Named in memory of the HRC’s founding Director, the Jane Moody Scholarships provide funding for PhD students and recent PhD completers to learn new skills or work with external partners or communities that are new to them. Recipients are encouraged to cross traditional boundaries and to be creative and experimental in their approach. The aim of the Scholarships is to develop and enhance workplace skills, with an emphasis on communication skills (spoken, written, visual), so scholars can convey complex ideas in a way that is accessible to a non-specialist.
The 2020-21 Jane Moody scholars and their projects are:
Noni Jabavu in York and Beyond – Black Briton, South African, Globetrotter
My project shines a public spotlight on the acclaimed, now largely forgotten, British-South African writer Noni Jabavu (1919-2008). The project brings to life part of York’s little-known black history, while exploring questions of identity and belonging in a life and world on the move.
Bringing the Rowntree Leisure Time Interviews to Life
Working in close collaboration with The Rowntree Society and the Borthwick Institute for Archives, I will be creating innovative, digital performances, inspired by real-life interviews with ordinary people in post-war Britain, which formed the raw material for Benjamin Seebohm Rowntree’s study of English Life and Leisure (1951).
Rediscovering the lost streets of Victorian Burmantofts and Sheepscar, Leeds
I am collaborating with Leeds Local and Family History Library and Leeds Museums and Galleries, and have designed, prepared and run five public workshops that use the library’s local history collection to rediscover the streets of the Burmantofts and Sheepscar neighbourhoods that were demolished as part of slum clearance programmes in the 1950-60s.
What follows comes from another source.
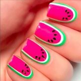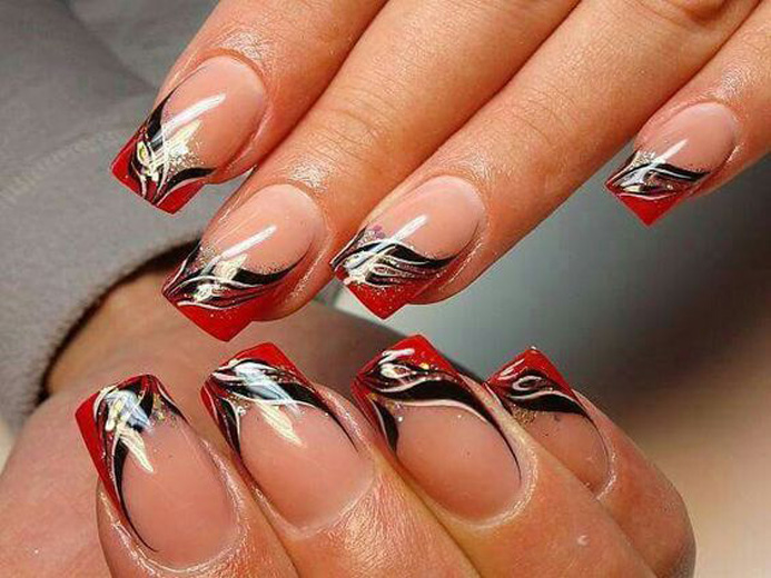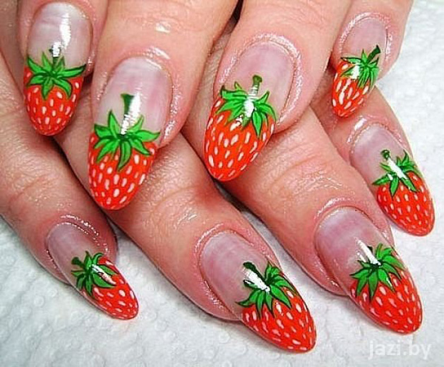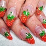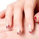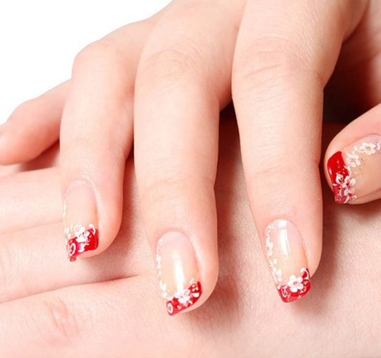 Áo khoác đỏ với hoa văn màu trắng là lý tưởng cho các cô gái trẻ. Trang trí hoa trắng có thể trải dài trên toàn bộ tấm móng. Những cô gái trẻ với thiết kế này có được sự duyên dáng và nữ tính. Một khu vực lớn của nụ cười trên móng tay dài làm cho nó có thể áp dụng một mô hình đẹp khác thường. In cắt dưa hấu ngon ngọt, trái cây, cam quýt, quả mọng cho bề mặt độc đáo và độ sáng. Nấm, hoa, cành cây sẽ là một trang trí tuyệt vời của tấm móng tay.

Exploring the Hunting Songs of the Lakeland Fell Packs
While working on my PhD focused on the Hunting Songs of the Lakeland Fell Packs, I discovered that there was no existing system that could effectively catalogue tunes so that they might be musically searchable. My project aims to develop a system that would solve this problem for future song researchers/collectors, and to create a programme which could be integrated into existing library catalogues.